8. El Tribunal Supremo ha declarado reiteradamente que las disposiciones que se autocalifican como instrucciones o circulares son susceptibles de anulación cuando contienen regulaciones que invaden materias reservadas a la ley o a reglamentos; cuando incorporan mandatos dirigidos directamente a los particulares; y cuando contradicen de manera ostensible normas de superior jerarquía; de forma que si imponen obligaciones o vinculan a terceros, carecen de validez y de eficacia vinculante. Con base en ello, ha anulado ya varias Instrucción de la DGSJYFP.

9. Tengan en cuenta además que en realidad, una vez que se ha efectuado el cobro por la calificación, y una vez inscrito e informatizado un derecho, el coste de expedición ha de ser menor, nunca mayor. En una Notaría pasa igual. Cuando pides una copia de archivo, el coste es ridículo, porque solo se cobra por la conservación, en realidad. El hecho de tener toda la información registral informatizada tendría que suponer un coste menor, o coste cero, para el usuario, y desde luego también para la Administración Pública, incluyendo a los Notarios, porque la información registral no es patrimonio personal del registrador. Es del Estado.

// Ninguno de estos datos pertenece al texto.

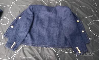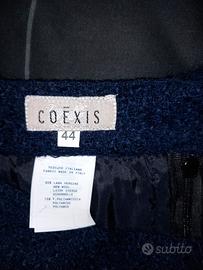 Colore Blu navy . Marca Coexis, taglia 44. In pura lana , non elasticizzato, usato ma ben tenuto, Made in Italy, spalline imbottite, gonna con cerniera dietro. I bottoni e le tasche sono solo di bellezza. Misure giacca : lunghezza spalla-fondo 52 cm, larghezza sotto ascelle 47 cm, lunghezza manica dalla cucitura 50 cm. Gonna lunghezza totale 56 cm ,larghezza vita 34 cm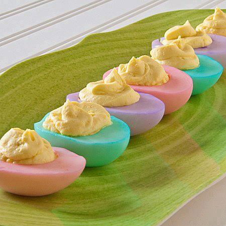 9. Pipe or spoon the yolk mix into the colored egg whites.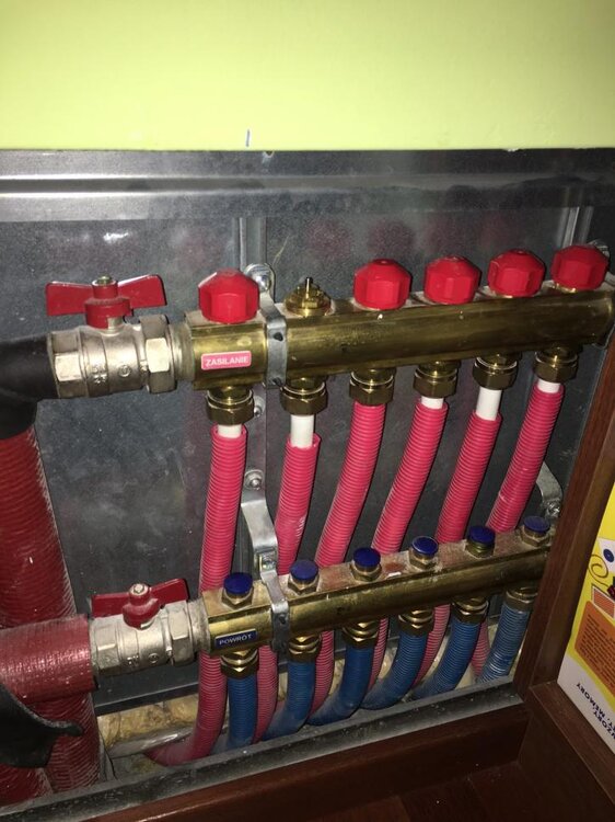 Wracając do tematu sporego zużycia prądu , zużycie w grudniu dla całego domu to 2000 kWh - sporo wg mnie , oświetlenie w całym domu wymienione na energooszczędne , kuchenka elektryczna i piekarnik używane normalnie , boiler 300 l grzany tylko przez PC - nastawiona temp wody w boilerze to 50 C . Niestety nie mam jak narazie osobnego miernika zużycia faktycznego przez PC ,ale praca 17 godzin na dobę daję trochę do myślenia . Zastanawia mnie dlaczego w jednym pokoju jest temperatura 22-23 stopnie , gdzie w pokoju obok jest 18-19 stopni . Na rozdzielaczach nie posiadam termostatów , jedynie co mogę pokręcic tak sadze to na belce powrotnej są zawory dławiące.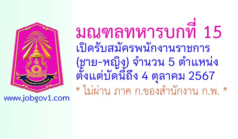มณฑลทหารบกที่ 15 รับสมัครพนักงานราชการ (ชาย-หญิง) 5 ตำแหน่ง ตั้งแต่บัดนี้ถึง 4 ตุลาคม 2567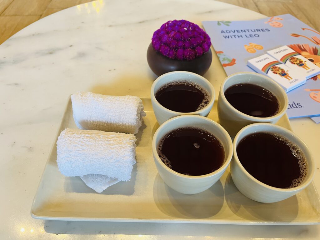 チェックインの際、テーブルに運ばれてきたのがこのウェルカムトレイ。家族4人分のコーヒー、冷たいおしぼり、そして…なんと子ども用の「Ritz Kids」ウェルカムキットまで!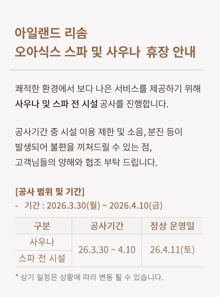 »ç¿ì³ª ¹× ½ºÆÄ Àü ½Ã¼³ ÈÞÀå ¾È³» (26.3.30 ~ 4.10)
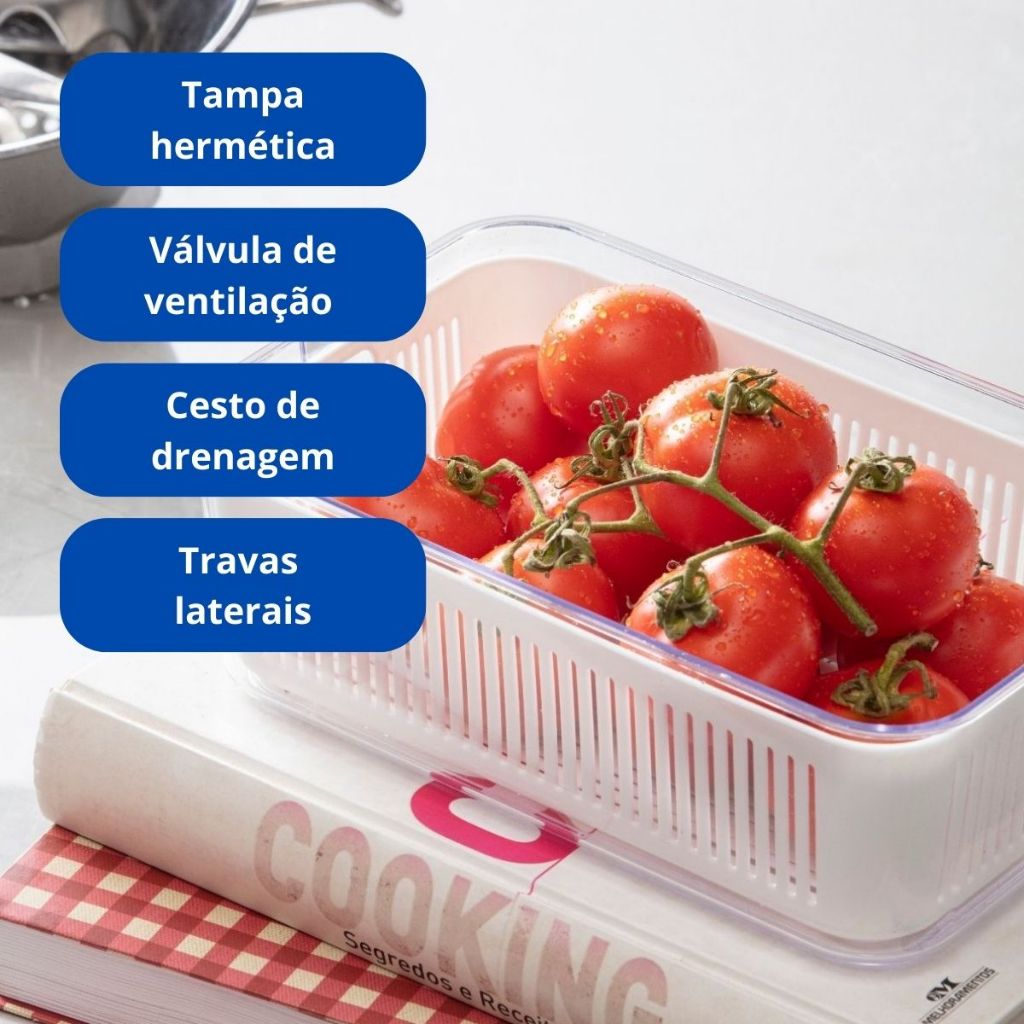Pote Slim Hermético Com Escorredor Interno e Trava 2570ml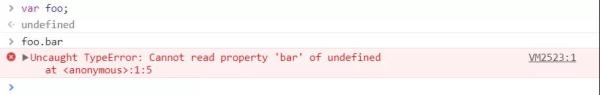 当我们尝试访问一个未定义的变量时,它总是返回 undefined,我们不能获取或设置任何未定义的属性。 在这种情况下会将抛出 “Uncaught TypeError: Cannot set property”。
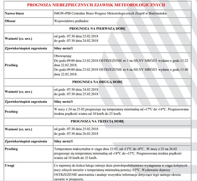 PotwierdzajÄ… siÄ™ wczeÅ›niejsze prognozy biaÅ‚ostockich synoptyków z IMGW-PIB o fali mrozów, nadciagajÄ…cej znad Syberii. Na wÅ‚asnej skórze odczuwamy, że robi siÄ™ coraz zimniej i musimy przyzwyczaić siÄ™, że taki stan trochÄ™ potrwa. IMGW–PIB wydaje ostrzeżenia o silnych mrozach, nazywa je niebezpiecznymi zjawiskami.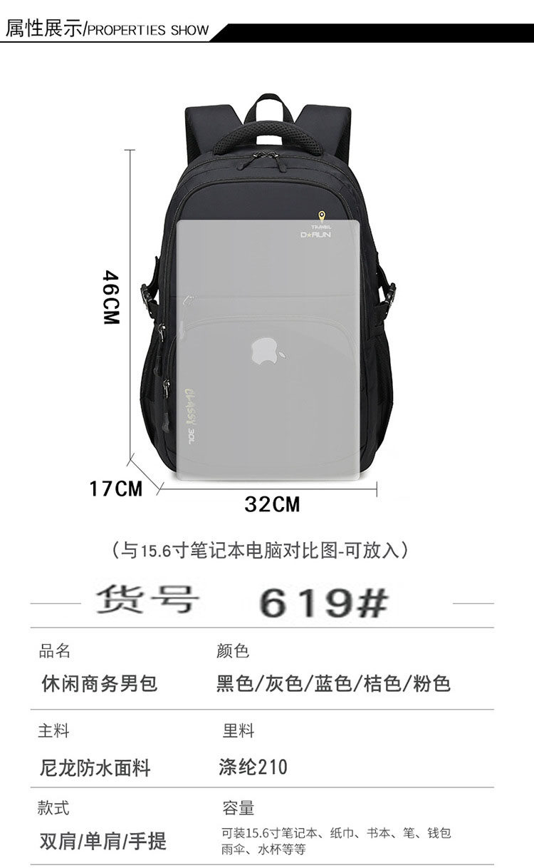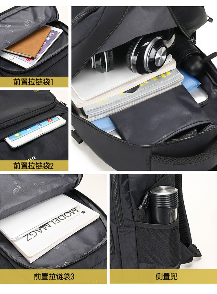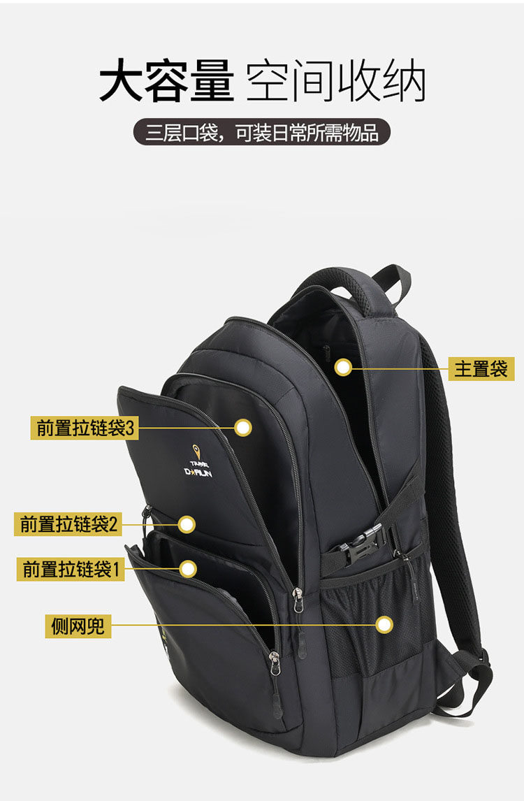 Internal Structure Mesh Bag,Dark Grid,Cell Phone Bag,Certificate Slot,Laminated Zipper Bag,Computer Pocket,Main Bag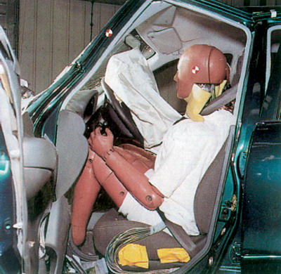значительно пострадала – передняя стойка выгнулась внутрь, и лопнули сварные швы в нише для ног. Подушка безопасности обеспечила защиту головы манекена водителя, но, раскрываясь, ударила его в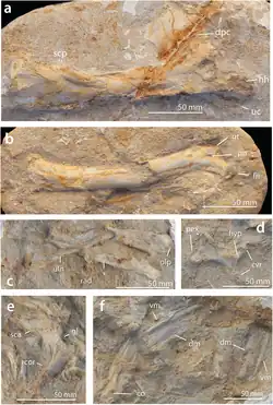 1. ^ Paul's estimate of the wingspan and body mass is actually written for Alcione in his book, based on his assumption that Barbaridactylus represents the adult stage of Alcione.[4] However, the 2018 study directly refutes this claim based on the hatchet-shaped deltopectoral crest different from Alcione; the wingspan of approximately 4 m (13 ft) is noted in the supplement of this study which concurs with Paul's estimate.[2]

10. Lo que es evidente es que, en conjunto, cada registrador individualmente, y el Colegio de Registradores de forma aparatosa, ha recibido una financiación no regular de cientos y cientos de millones de euros. ¿Para qué necesita tanto dinero una organización corporativa pequeña? Como supongo que diría don Mariano Rajoy, para comprar cosas…y a buen entendedor, pocas palabras han de bastar.

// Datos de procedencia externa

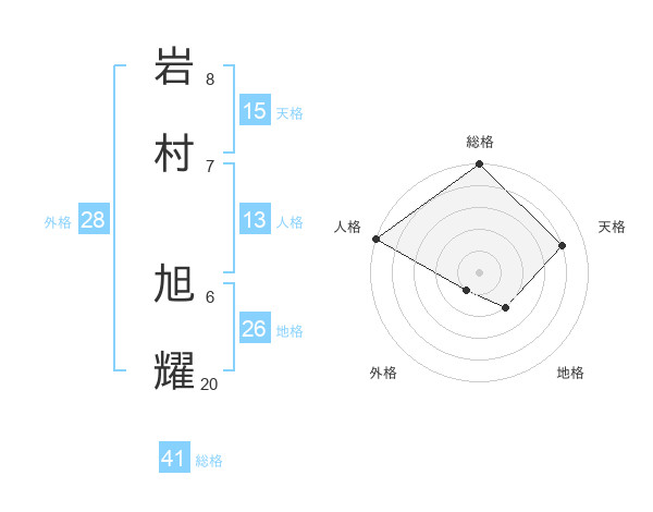 岩村 旭耀さんを姓名の画数から五運を鑑定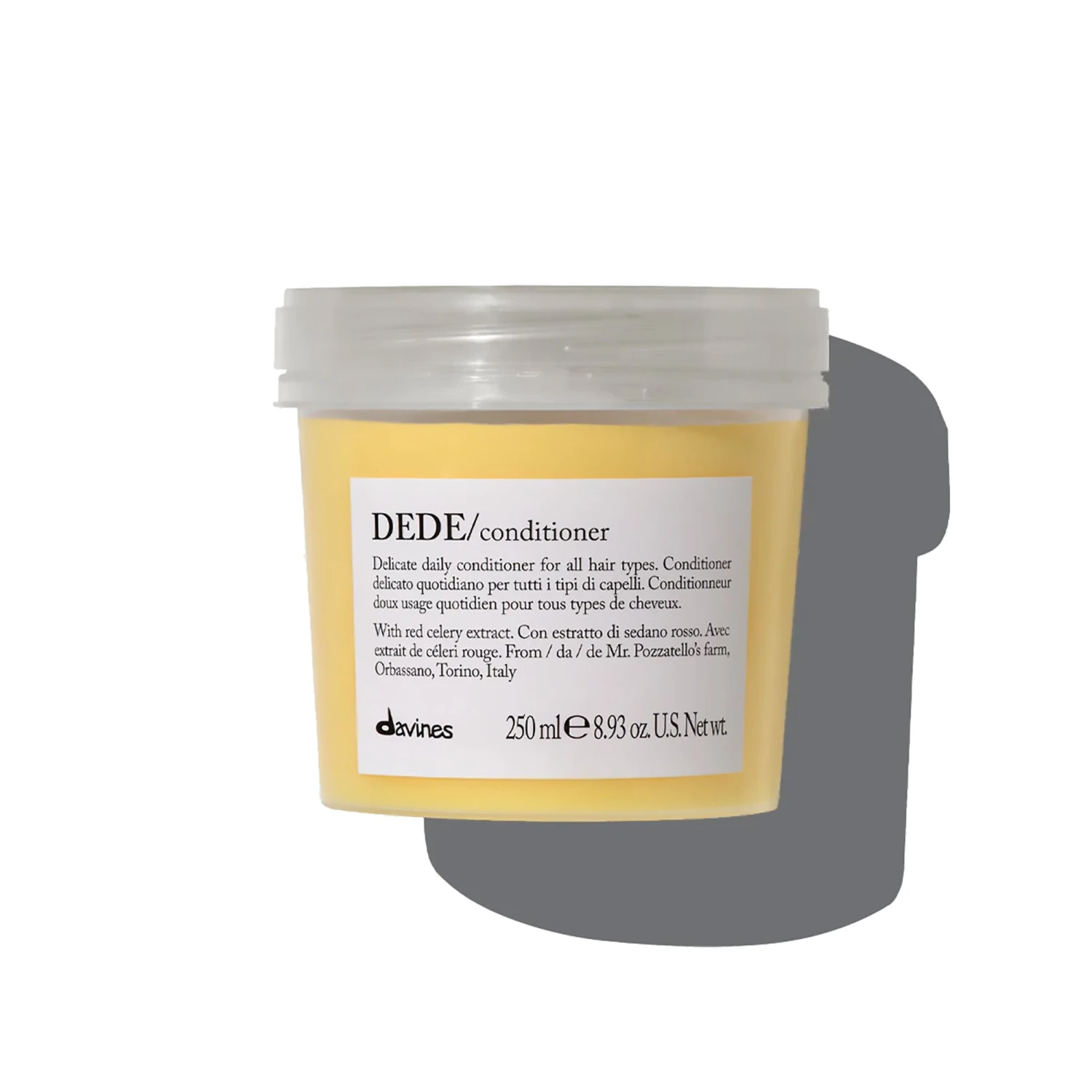 the DEDE conditioner is formulated with red celery extract to help hydrate and detangle hair without weighing it down. Helps leave hair shiny, easy to detangle and hydrated. Davines products are formulated without parabens and SLES/SLS sulfates. *Packaging may vary

Termino. De momento, dos asociaciones de usuarios se han opuesto a este Proyecto de Real-Decreto. Quédate con la idea de que, según el Proyecto de Ley de Integridad Pública, rechazado por todos los órganos consultivos y de origen más que dudoso, éstos, los beneficarios, son los encargados máximos de velar contra la corrupción. Los Sumos Sacerdotes de la Integridad Pública. Estos, los beneficiarios. Entenderás muchas cosas.